Section: 14 Hyper Parameters, Model Optimization and Lifecycle

Hyper Parameters allow you to control the model building process and quality

90. Data Rearrangement, Maximum model Size, passes, Shuffle Type

Table

93. Improving Model Quality

Optimizing Model

- To improve a model following are some options

: Add more training examples

: Add more relevant features

: Model hyperparameter tuning

- Quality Metrics of Training Data and Evaluation Data can provide important clues to improve model performance

94. Model Maintenance

- Models may need to be periodically rebuilt or updated to

: Keep in-sync with new patterns

: Support new more relevant features

: Support new class - in multi - class problems

: Changes in assumptions or distribution of data that was used to train model

: Changes to cut-off threshold

Example: Home price changes month to month depending on several factors

- Have a plan to evaluate model with new data periodically. Example: Weekly, Monthly, Quartly

- Models are probabilistic in nature...

: Binary Class - Provides bestAnswer(1 or 0) and a raw prediction score. Cut-off score is configurable

: Multi Class - Provides prediction score for each class. It can be interpreted as probability of observation belonging to the class.

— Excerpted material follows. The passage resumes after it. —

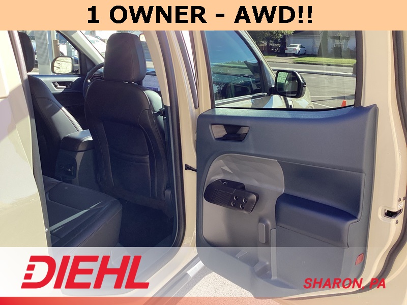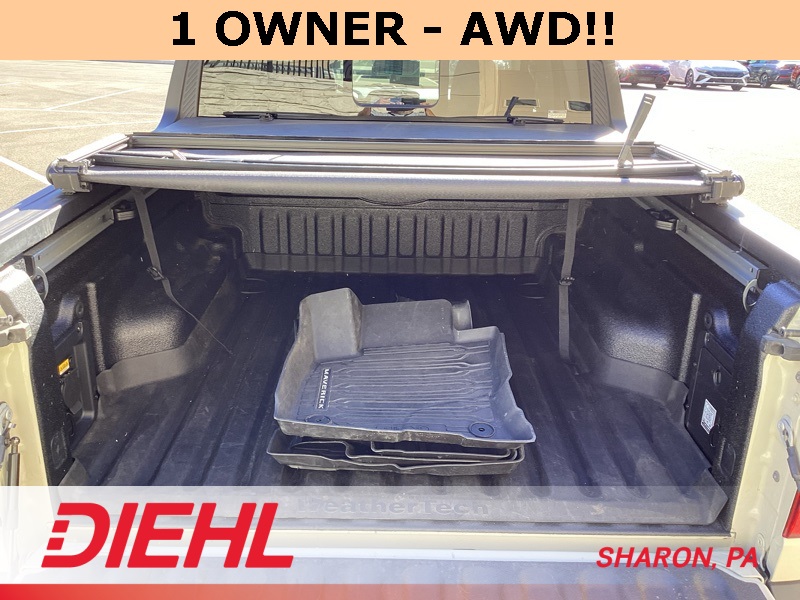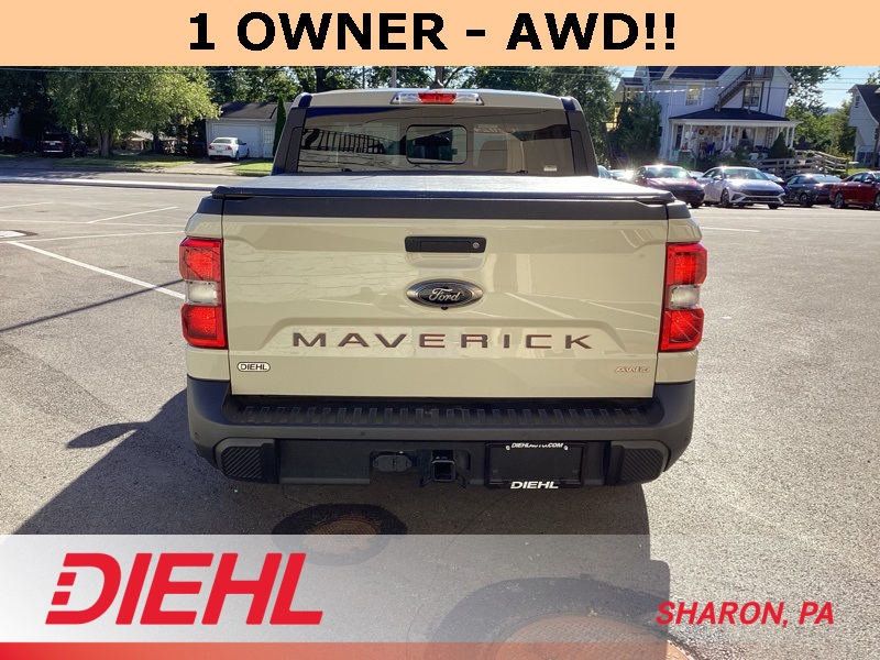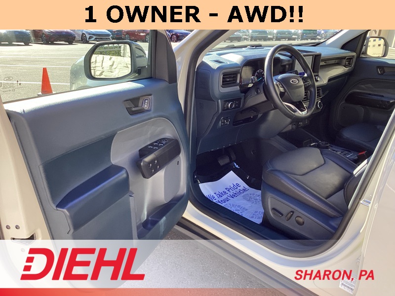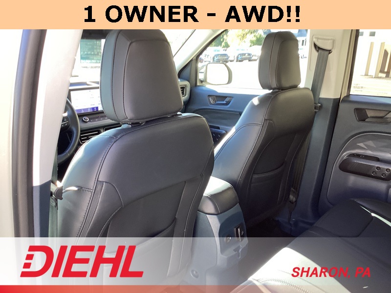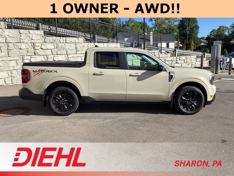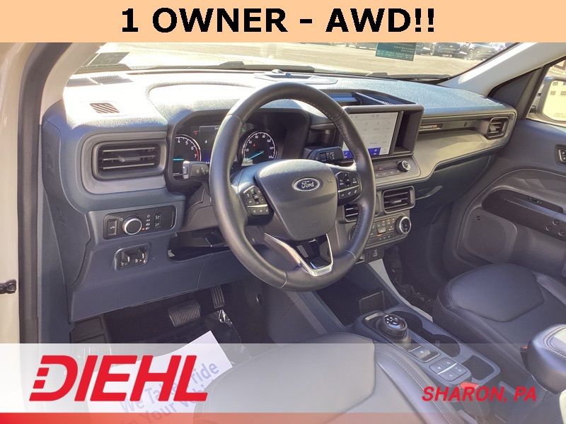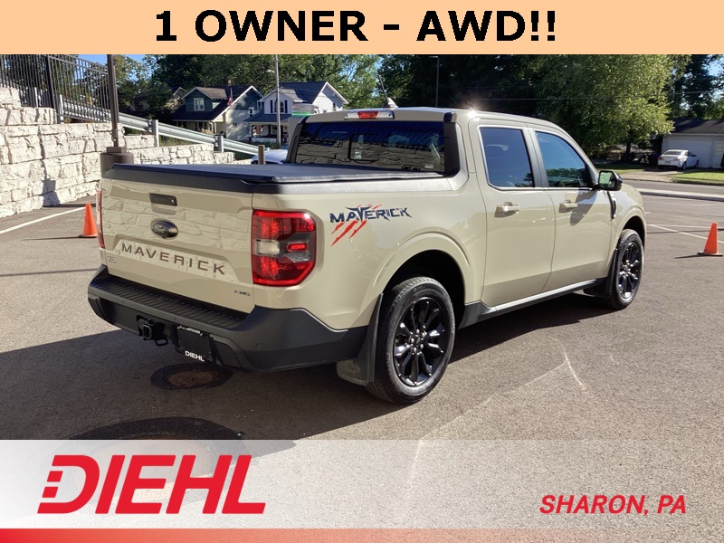 **ONE-OWNER**, **HEATED SEATS**, **BACKUP CAMERA**, **POWER DRIVERS SEAT**, **TOW PACKAGE**, **NAVIGATION**, **APPLE CAR PLAY**, **ANDROID AUTO**, 4-Wheel Disc Brakes, 4K Tow Package, 8 Speakers, ABS brakes, ActiveX Trimmed Front Bucket Seats, Air Conditioning, Alloy wheels, AM/FM radio: SiriusXM, Auto High-beam Headlights, Automatic temperature control, Black Appearance Package, Black Grille, Black Headlamps, Black Interior Accents, Black Taillamps, Brake assist, Bumpers: body-color, Compass, Delay-off headlights, Driver door bin, Driver vanity mirror, Dual front impact airbags, Dual front side impact airbags, Electronic Stability Control, Emergency communication system: 911 Assist, Equipment Group 500A Standard, Exterior Parking Camera Rear, Four wheel independent suspension, Front & Back Black Edition Ford Logo, Front & Rear Floor Liners w/o Carpet Mats, Front anti-roll bar, Front Bucket Seats, Front Center Armrest, Front dual zone A/C, Front reading lights, Fully automatic headlights, Heated door mirrors, Heated front seats, Heated steering wheel, Higher Capacity Radiator, Illuminated entry, Knee airbag, Low tire pressure warning, Navigation System, Occupant sensing airbag, Outside temperature display, Overhead airbag, Overhead console, Panic alarm, Passenger door bin, Passenger vanity mirror, Power door mirrors, Power driver seat, Power steering, Power windows, Protective Film Hood/Fenders, Radio data system, Radio: B&O Sound System by Bang & Olufsen, Rear anti-roll bar, Rear Parking Sensors, Rear seat center armrest, Rear step bumper, Remote keyless entry, Security system, SiriusXM Radio, Speed control, Speed-sensing steering, Steering wheel mounted audio controls, SYNC 3 Communications & Entertainment System, Tachometer, Telescoping steering wheel, Tilt steering wheel, Tonneau Pickup Box Cover - Soft Folding, Traction control, Trailer Brake Controller, Trailer Hitch Receiver, Transmission Oil Cooler, Trip computer, Upgraded Cooling Fan, Upgraded Drive Ratio, Wheels: 18" Machined-Face Bright Aluminum, Wheels: 18" Unique Machined-Face Ebony Aluminum. Terrain 2024 Ford Maverick Lariat AWD 8-Speed Automatic EcoBoost 2.0L I4 GTDi DOHC Turbocharged VCT

Class with highest score is the best answer

: Regression : Provides a score that contains raw numeric prediction of the target attribute.

- When models are changed, predicted results would also change - Quality metrics like AUC, F1 Score, RMSE can be used to determine whether to go ahead with proposed model change

95. AWS Machine Learning System Limits

- AWS ML imposes certain limits to ensure robust and reliable service

- Some are soft limits and can be increased by contacting AWS Customer Service

- Size of each observation: 100KB

- Size of training data: 100GB

- Size of batch prediction input: 1TB (single file limit. can be overcome by creating more batch files)

- No. of records per batch file: 100 million

- No. of variables/features: 10,000

- Throughput per second for realtime prediction: 200 requests/second

- Max Number of classes per multi-class model: 100

96. AWS Machine Learning Pricing

- Data Analysis and Model Building Fee - $0.42 per Hour of building time

: Number of computer hours required for data analysis, model training and evaluation

: Depends on size of input data, attributes, types of transformations applied

- Predictions Fees

: Batch predictions - $0.10/1,000 predictions founded to the nearest 1,000

: Real-time predictions - $0.0001 per prediction + Capacity reservation charge of $0.001 per hour for each 10MB provisioned for your model

Section 15 Integration of AWS Machine Learning With Your Application

98. Introduction

AWS ML Integration

- Speed!

: Turn your ideas into cool products in a matter of days

: Traditional approach would require months

- Highly scalable, secure service with redundancy built-in

: Scale automatically to train model with very large datasets

: Scale automatically to support high volume prediction needs

: Real-time prediction with capacity reservation

: Secure - Limit access to Authenticated and Authorized services and users

- Server less!

- Software Integration

: AWS Machine Learning - Complete functionality is accessible through SDK and Command Line Interfaces

: Model building and Prediction can be fully automated using SDK

: AWS SDKs in multiple lanuages - Python, Java, .NET, Javascript, Ruby, C++, ....

: Complete list languages https://aws.amazon.com/tools/

99. Integration Scenarios

Connectivity and Security Options

- You Data Center -> AWS ML Cloud Service

: Security: Key Based Authentication + IAM Policy + SSL

- AWS Hosted Application -> AWS ML Cloud Service

: Security : IAM Role + SSL

- Browser, Apps on Phone -> AWS ML Cloud Service

: Option 1: AWS Cognito Based Authentication + IAM Role + SSL

: Choice of authentication providers: Cognito, Google, Amazon, Facebook, Twitter, OpenID, Customer

: Option 2 : Key Based Authentication + IAM Policy + SSL

100. Security using IAM

Users belong to AWS root account. Cognito Users are application level users. Application belongs to AWS root account.